→ **Assigned task**: In the listing below, print exactly the lines between the line holding "Verificação do apronto operacional" and the line holding "Ecole de Bangle SD n°2 région de Bunutan", inclusive, and no more.

→ **Given entries**:
________________

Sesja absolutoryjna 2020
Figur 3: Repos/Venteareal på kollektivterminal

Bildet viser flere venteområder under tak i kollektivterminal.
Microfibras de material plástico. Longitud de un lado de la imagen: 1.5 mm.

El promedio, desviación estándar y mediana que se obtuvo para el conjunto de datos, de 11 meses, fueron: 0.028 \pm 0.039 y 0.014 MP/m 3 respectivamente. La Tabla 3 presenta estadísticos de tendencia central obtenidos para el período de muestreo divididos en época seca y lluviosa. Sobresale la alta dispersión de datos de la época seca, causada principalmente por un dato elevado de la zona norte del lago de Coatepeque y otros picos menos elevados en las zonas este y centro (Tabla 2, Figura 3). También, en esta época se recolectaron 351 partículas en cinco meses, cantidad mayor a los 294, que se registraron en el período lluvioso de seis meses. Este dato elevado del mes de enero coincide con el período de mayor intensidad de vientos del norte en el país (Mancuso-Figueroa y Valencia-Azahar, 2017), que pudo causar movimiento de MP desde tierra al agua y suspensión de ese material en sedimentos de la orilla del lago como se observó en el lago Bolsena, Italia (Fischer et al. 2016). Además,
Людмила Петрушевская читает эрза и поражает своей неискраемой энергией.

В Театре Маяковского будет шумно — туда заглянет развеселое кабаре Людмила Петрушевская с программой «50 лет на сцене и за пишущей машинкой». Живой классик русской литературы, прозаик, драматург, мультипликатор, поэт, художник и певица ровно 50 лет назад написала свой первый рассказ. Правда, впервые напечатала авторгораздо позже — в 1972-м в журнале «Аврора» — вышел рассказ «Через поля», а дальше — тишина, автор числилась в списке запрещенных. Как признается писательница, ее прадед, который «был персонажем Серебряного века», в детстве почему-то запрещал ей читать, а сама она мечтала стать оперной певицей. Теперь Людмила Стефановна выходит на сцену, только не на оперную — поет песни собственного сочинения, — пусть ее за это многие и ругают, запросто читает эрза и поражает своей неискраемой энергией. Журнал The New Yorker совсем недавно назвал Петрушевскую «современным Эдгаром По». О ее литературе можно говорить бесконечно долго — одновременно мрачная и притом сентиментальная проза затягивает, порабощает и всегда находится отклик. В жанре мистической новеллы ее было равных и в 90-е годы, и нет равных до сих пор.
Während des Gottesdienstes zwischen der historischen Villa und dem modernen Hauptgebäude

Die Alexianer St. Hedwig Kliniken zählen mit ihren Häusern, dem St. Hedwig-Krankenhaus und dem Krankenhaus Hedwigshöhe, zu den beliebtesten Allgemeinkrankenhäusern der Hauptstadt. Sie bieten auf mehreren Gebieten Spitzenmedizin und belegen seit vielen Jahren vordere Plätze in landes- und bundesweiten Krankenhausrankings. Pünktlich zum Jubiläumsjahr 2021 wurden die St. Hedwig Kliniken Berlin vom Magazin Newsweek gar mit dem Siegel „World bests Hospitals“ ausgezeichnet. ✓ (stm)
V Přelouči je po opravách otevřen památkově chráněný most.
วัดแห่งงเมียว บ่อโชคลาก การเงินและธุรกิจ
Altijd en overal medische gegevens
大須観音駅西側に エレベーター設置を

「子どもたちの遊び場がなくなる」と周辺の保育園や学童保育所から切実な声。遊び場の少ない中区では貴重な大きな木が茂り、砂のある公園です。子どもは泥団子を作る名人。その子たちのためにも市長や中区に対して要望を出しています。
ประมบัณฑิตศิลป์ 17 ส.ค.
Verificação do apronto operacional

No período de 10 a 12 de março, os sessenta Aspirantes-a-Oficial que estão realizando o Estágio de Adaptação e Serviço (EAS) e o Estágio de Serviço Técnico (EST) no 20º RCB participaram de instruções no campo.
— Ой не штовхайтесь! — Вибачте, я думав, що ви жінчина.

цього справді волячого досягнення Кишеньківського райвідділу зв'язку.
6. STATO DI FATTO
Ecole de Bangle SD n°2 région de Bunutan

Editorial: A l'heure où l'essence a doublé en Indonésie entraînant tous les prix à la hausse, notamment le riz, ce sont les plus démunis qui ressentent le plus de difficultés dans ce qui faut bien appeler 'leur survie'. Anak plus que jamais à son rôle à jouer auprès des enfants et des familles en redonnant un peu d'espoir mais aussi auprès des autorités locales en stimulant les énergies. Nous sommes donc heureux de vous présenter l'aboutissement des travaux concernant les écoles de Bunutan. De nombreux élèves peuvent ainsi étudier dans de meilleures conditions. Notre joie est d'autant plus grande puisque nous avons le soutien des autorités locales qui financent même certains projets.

________________

→ **Result of this task**:
Verificação do apronto operacional

No período de 10 a 12 de março, os sessenta Aspirantes-a-Oficial que estão realizando o Estágio de Adaptação e Serviço (EAS) e o Estágio de Serviço Técnico (EST) no 20º RCB participaram de instruções no campo.
— Ой не штовхайтесь! — Вибачте, я думав, що ви жінчина.

цього справді волячого досягнення Кишеньківського райвідділу зв'язку.
6. STATO DI FATTO
Ecole de Bangle SD n°2 région de Bunutan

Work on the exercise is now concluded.